We were only gone for a short time but I honestly feel different. I keep seeing the faces and hearing voices of all of the amazing people that we met while in Rwanda. Our amazing guides: Yvan Gisele, and Aime. Danny, Charles and everyone else from Beausejour. The two Thierrys from The Bar Stella. The girls from the Gashora Girls Academy and the boys from Les Enfant de Dieu, and beautiful little Daria. Our guide at the Ntarama Genocide Memorial who was a genocide survivor, the Rasta man at the market in Kigali, Grace from the other market in Kigali who remembered my name and gave me a free bracelet as a gift, the beautiful people at the Pygmy village that we visited in Musanze, the Intore dancers at the Amahoro Cultural Village (especially the man with the 100 watt smile), dancing with those dancers again before going gorilla trekking, the brilliant staff from Never Again Rwanda, and of course the lovely women of the basket weaving collective in Musanze who weaved baskets with us. The woman who taught me how to weave spoke no English and when she found out that I was not Rwandan she smiled and put her arm next to mine and pointed back and forth. I took this to mean, "We are the same." I could have cried, but I didn't, I just smiled, nodded, said "Yes! The same!" and made sure to hug her extra tight when we said goodbye.

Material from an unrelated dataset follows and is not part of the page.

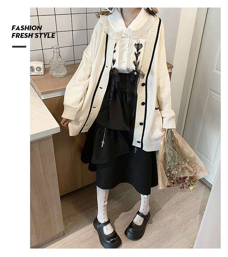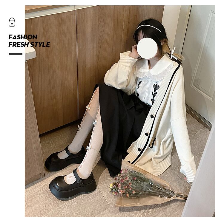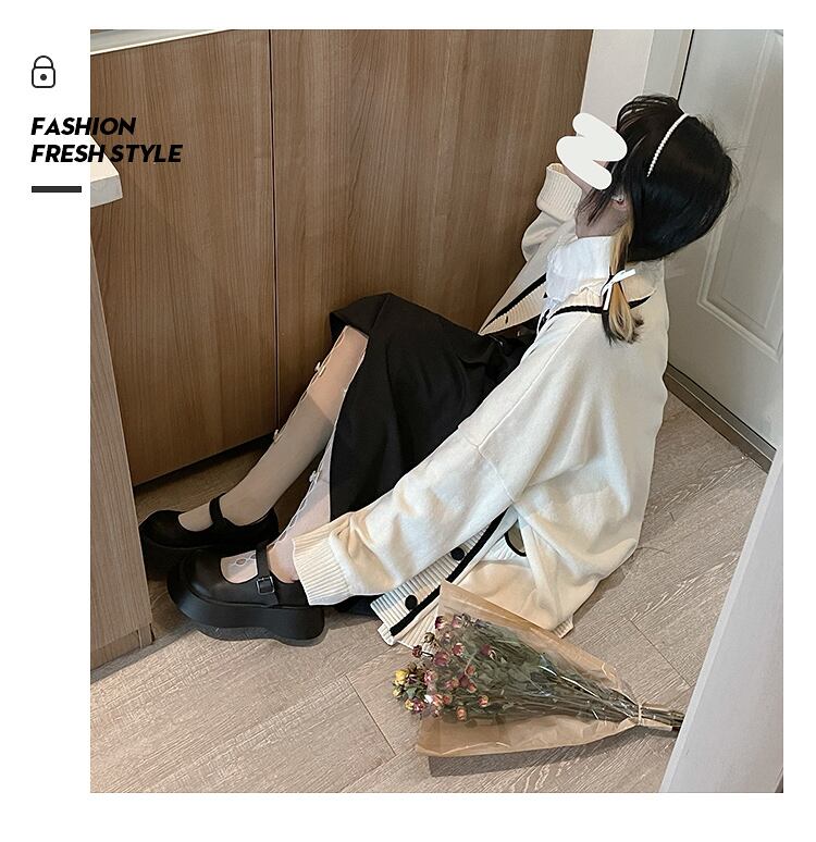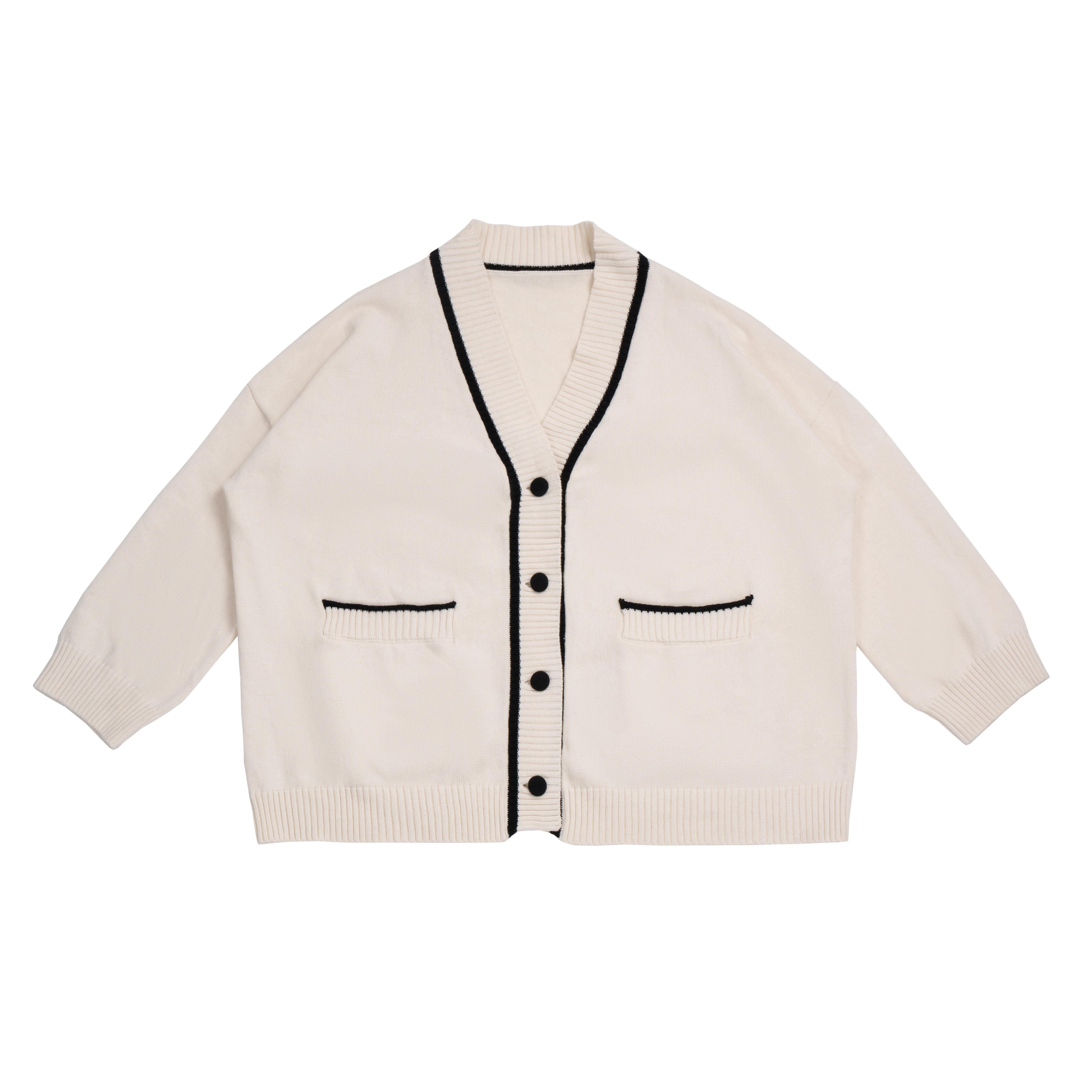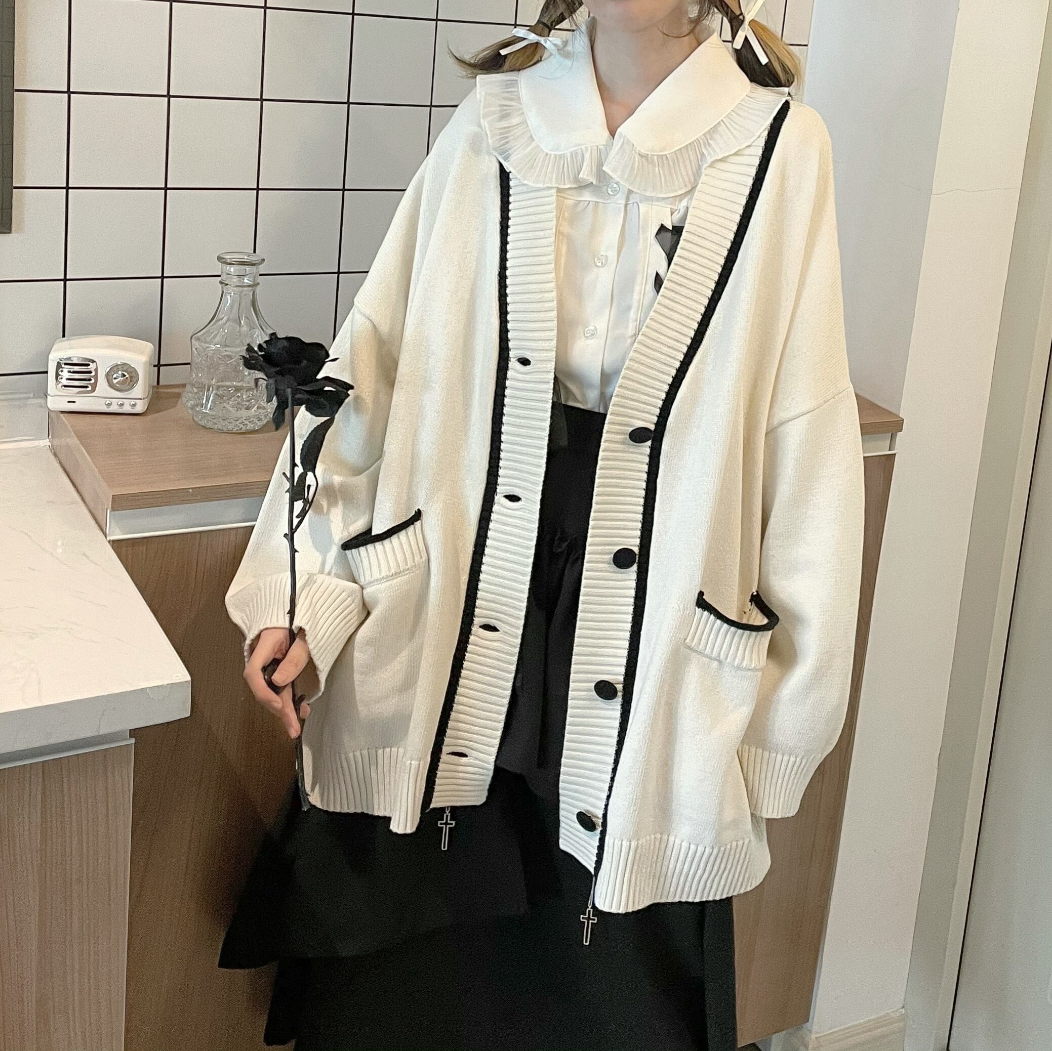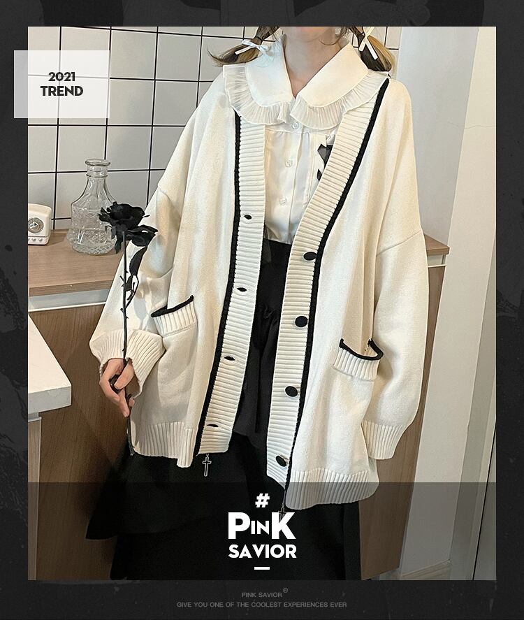 pinksavior春風ソフトミドル丈白黒コントラストカラーカレッジセーターカーディガン ホワイト ブラック スプリング 春物 PSTB72592497531

I'm so grateful for all of these people as well as everyone else who made this trip amazing and made it possible. I'm grateful for the conversations that I was able to have with the people that we met as well as my classmates especially Ms. Cami Gysland! Many times we would talk late into the night or early in the morning about what we were experiencing and the truths that we were learning. The commitment to truth and healing through truth telling that Rwandans seem to have is something that impressed me the most. I plan to incorporate this practice into every area of my life and various communities.
There were several highlights of the trip many of which I have already mentioned. One that I haven't talked much about was gorilla trekking. Gorilla trekking was definitely an experience and even though it was not one of the main reasons or draws for me to go on this trip, it was an amazing experience to see actual mountain gorillas in their natural habitat. It was very cool to see mothers and babies and big silverbacks and to observe the way that they function as a family and a society. We got to watch them for an hour and as we observed them (from no more that five or six feet away from them) you can bet that they were observing us as well.
A few falls and journeys in and out of sink holes later, and we were out of the mountains and left with only our memories and as many pictures as we could snap. The trek was kind of like the entire trip in that way. It felt extremely long as we were there because of all that we were doing, but as soon as we got back, it felt like we had only been gone a short while.
I truly cannot wait to get back to Rwanda someday, hopefully sooner than later.